-- RECORD EXCERPTS follows --

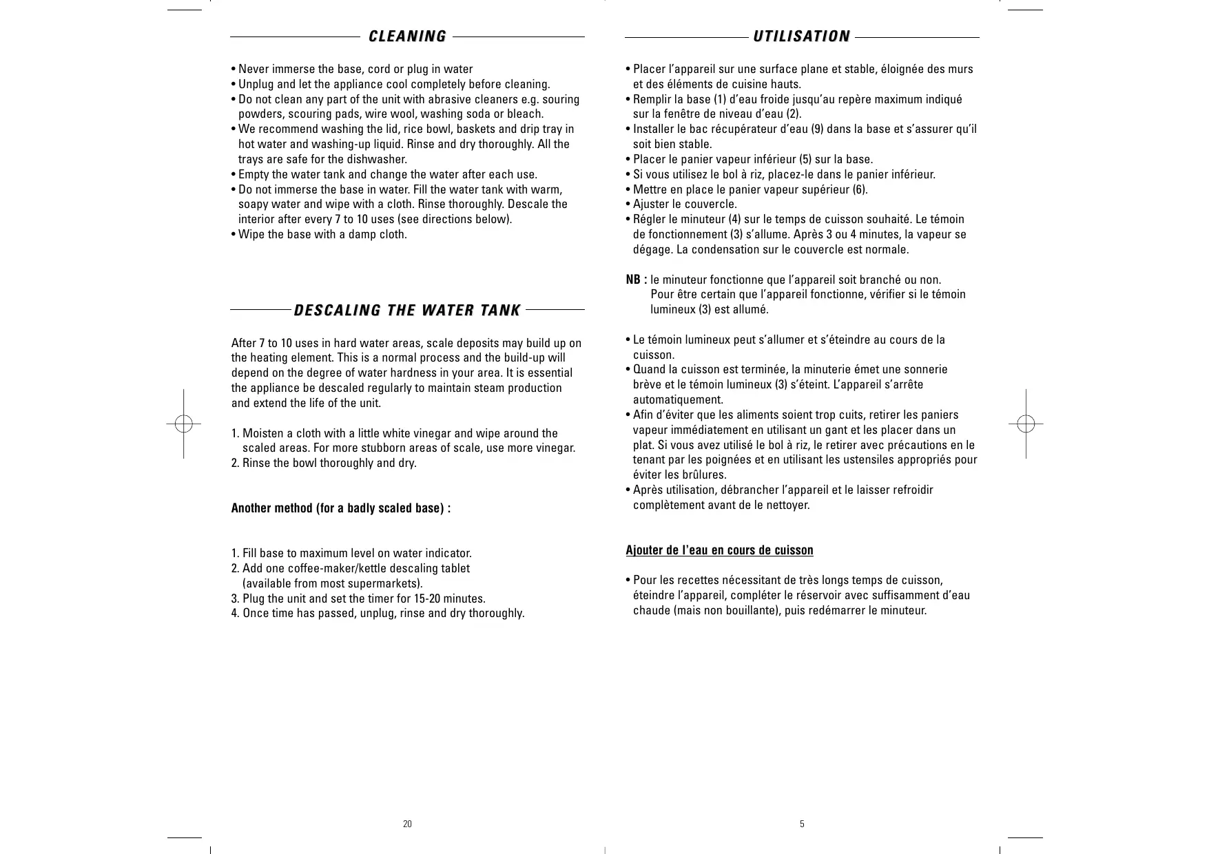 - Tous les temps indiqués dans les tableaux ci-après sont basés sur une utilisation avec de l'eau froide. Pour réduire légèrement ces temps de cuisson, on peut utiliser de l'eau chaude (mais pas bouillante).
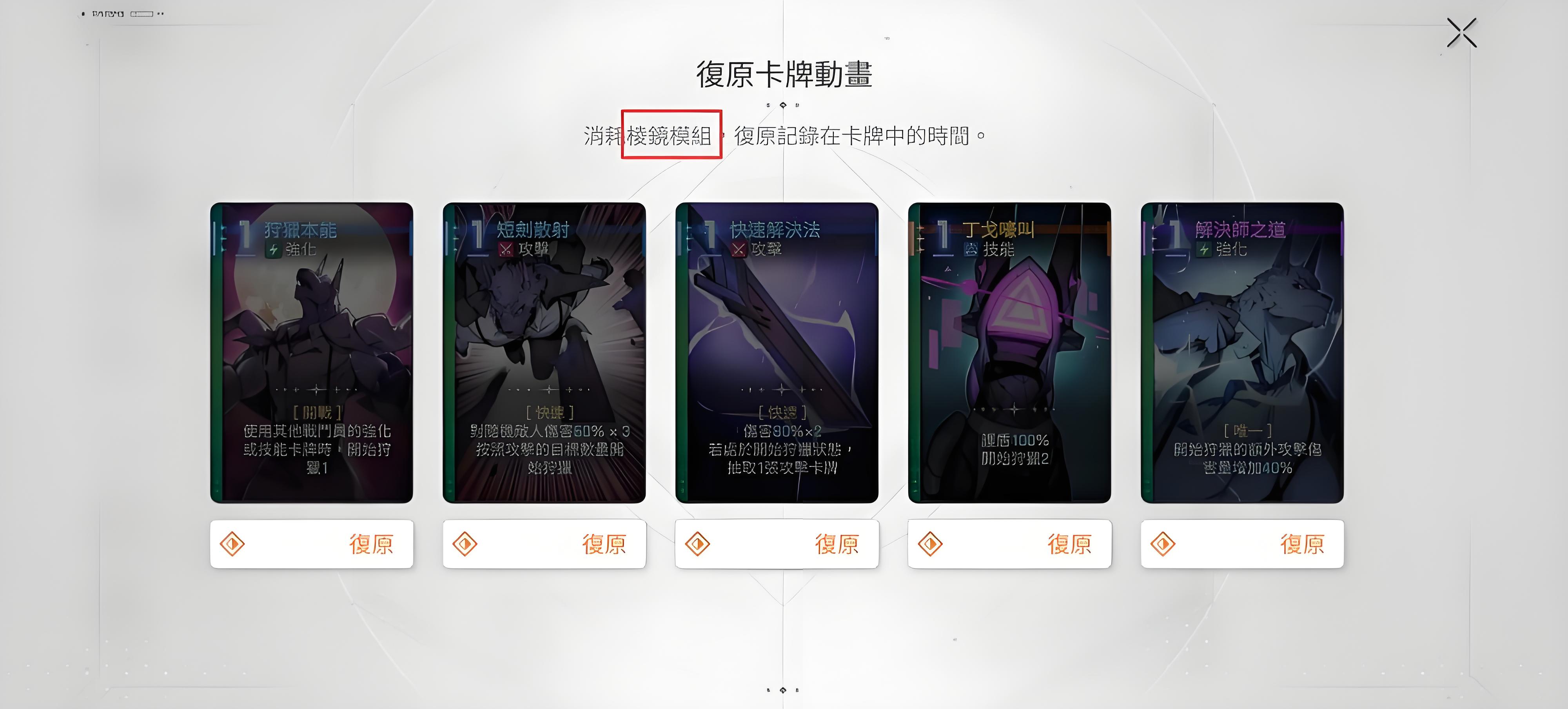 1、核心功能鲜明棱镜模组专注优化卡牌动画效果,使原本静态的角色卡牌变得更具动感与生命力,视觉呈现更炫酷,不附带任何战斗属性提升。
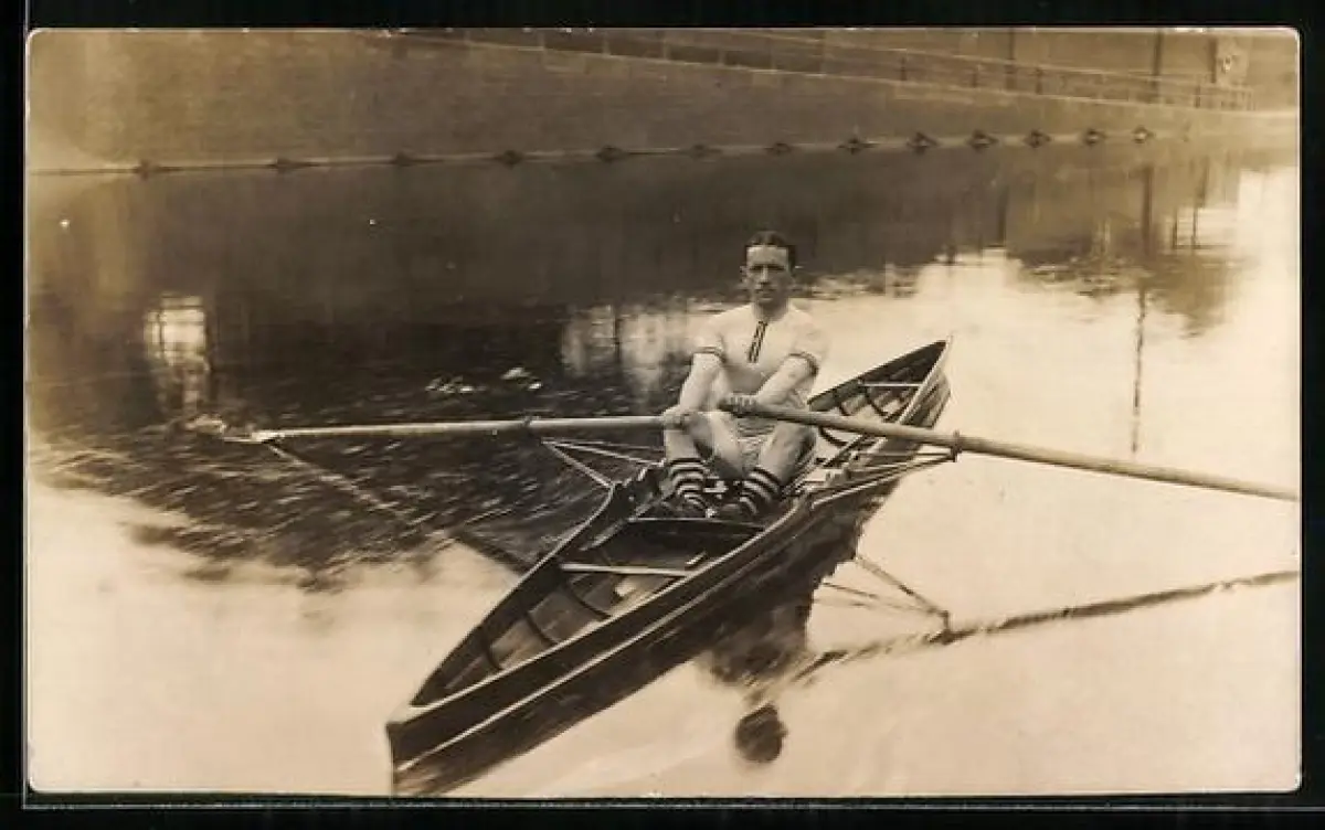 Foto-AK Mann in einem Ruderboot
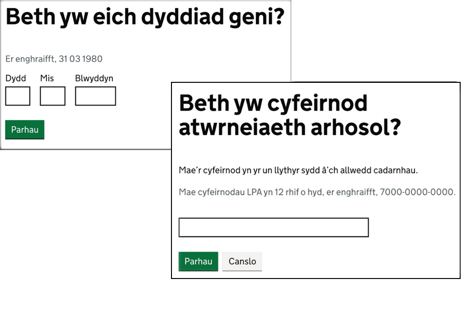 Gofynnir i chi roi eich dyddiad geni. Gwneir hyn i wirio mai chi yw’r person sydd wedi’i restru ar yr LPA.
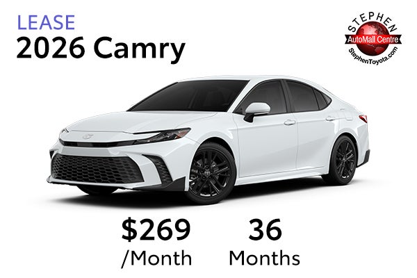 Qualified lessees can lease a new 2026 Camry 4WD 4Dr. Sedan LE Hybrid CVT Model 2552 for $269 per month for 36 months with $3,999 Due At Signing. Based on 10,000 miles/yr. Security Deposit waived. Lease excludes tax, title, license, registration fees, acquisition fee of $750, and dealer options and charges.
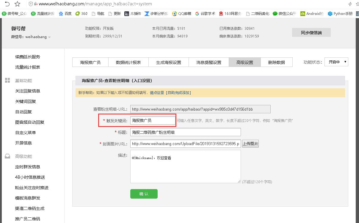 设置海报二维码粉丝明细查看的关键词,发送:海报推广员 到公众号
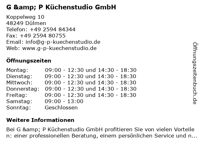 | Öffnungszeiten G & P Küchenstudio GmbH in Dülmen anzeigen | |
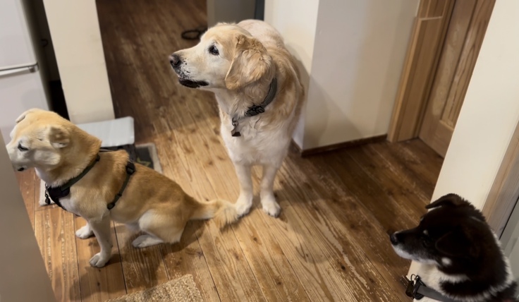 昨晩の夕食を待つフラッシュ、シン、スズです。食欲があり元気に過ごせる時間を大切にしたいと思っています。
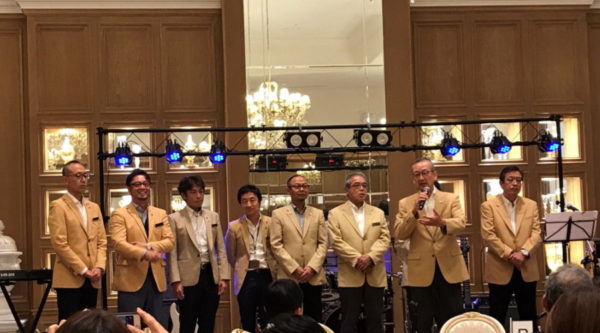 歴代会長とともに壇上へ上がらせていただきました。まだ自分も30代前半で会長を受けさせていただき、このメンバーでは、まだ若い方ではありますが(笑)すでに中堅の年齢には達し、今後の会社のビジョンも15年前とは大きく変わっていることも肌で感じるひと時でした。
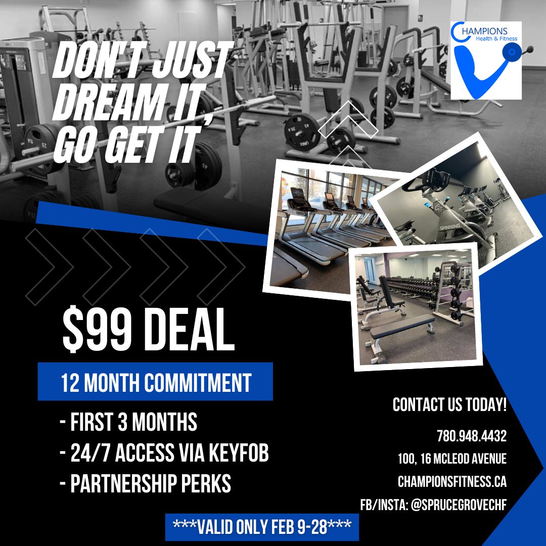 Welcome to Spruce Grove Champions Health & Fitness Check out our February Promo, the Spin Studio, Precor Chest Press and Glute Drive Machine Check us out on Facebook for any updates by clicking here

-- RECORD EXCERPTS concluded --

> WORK REQUIRED
Please give the entries again word for word, without any pictures.

> COMPLETED EXERCISE
 - Tous les temps indiqués dans les tableaux ci-après sont basés sur une utilisation avec de l'eau froide. Pour réduire légèrement ces temps de cuisson, on peut utiliser de l'eau chaude (mais pas bouillante).
 1、核心功能鲜明棱镜模组专注优化卡牌动画效果,使原本静态的角色卡牌变得更具动感与生命力,视觉呈现更炫酷,不附带任何战斗属性提升。
 Foto-AK Mann in einem Ruderboot
 Gofynnir i chi roi eich dyddiad geni. Gwneir hyn i wirio mai chi yw’r person sydd wedi’i restru ar yr LPA.
 Qualified lessees can lease a new 2026 Camry 4WD 4Dr. Sedan LE Hybrid CVT Model 2552 for $269 per month for 36 months with $3,999 Due At Signing. Based on 10,000 miles/yr. Security Deposit waived. Lease excludes tax, title, license, registration fees, acquisition fee of $750, and dealer options and charges.
 设置海报二维码粉丝明细查看的关键词,发送:海报推广员 到公众号
 | Öffnungszeiten G & P Küchenstudio GmbH in Dülmen anzeigen | |
 昨晩の夕食を待つフラッシュ、シン、スズです。食欲があり元気に過ごせる時間を大切にしたいと思っています。
 歴代会長とともに壇上へ上がらせていただきました。まだ自分も30代前半で会長を受けさせていただき、このメンバーでは、まだ若い方ではありますが(笑)すでに中堅の年齢には達し、今後の会社のビジョンも15年前とは大きく変わっていることも肌で感じるひと時でした。
 Welcome to Spruce Grove Champions Health & Fitness Check out our February Promo, the Spin Studio, Precor Chest Press and Glute Drive Machine Check us out on Facebook for any updates by clicking here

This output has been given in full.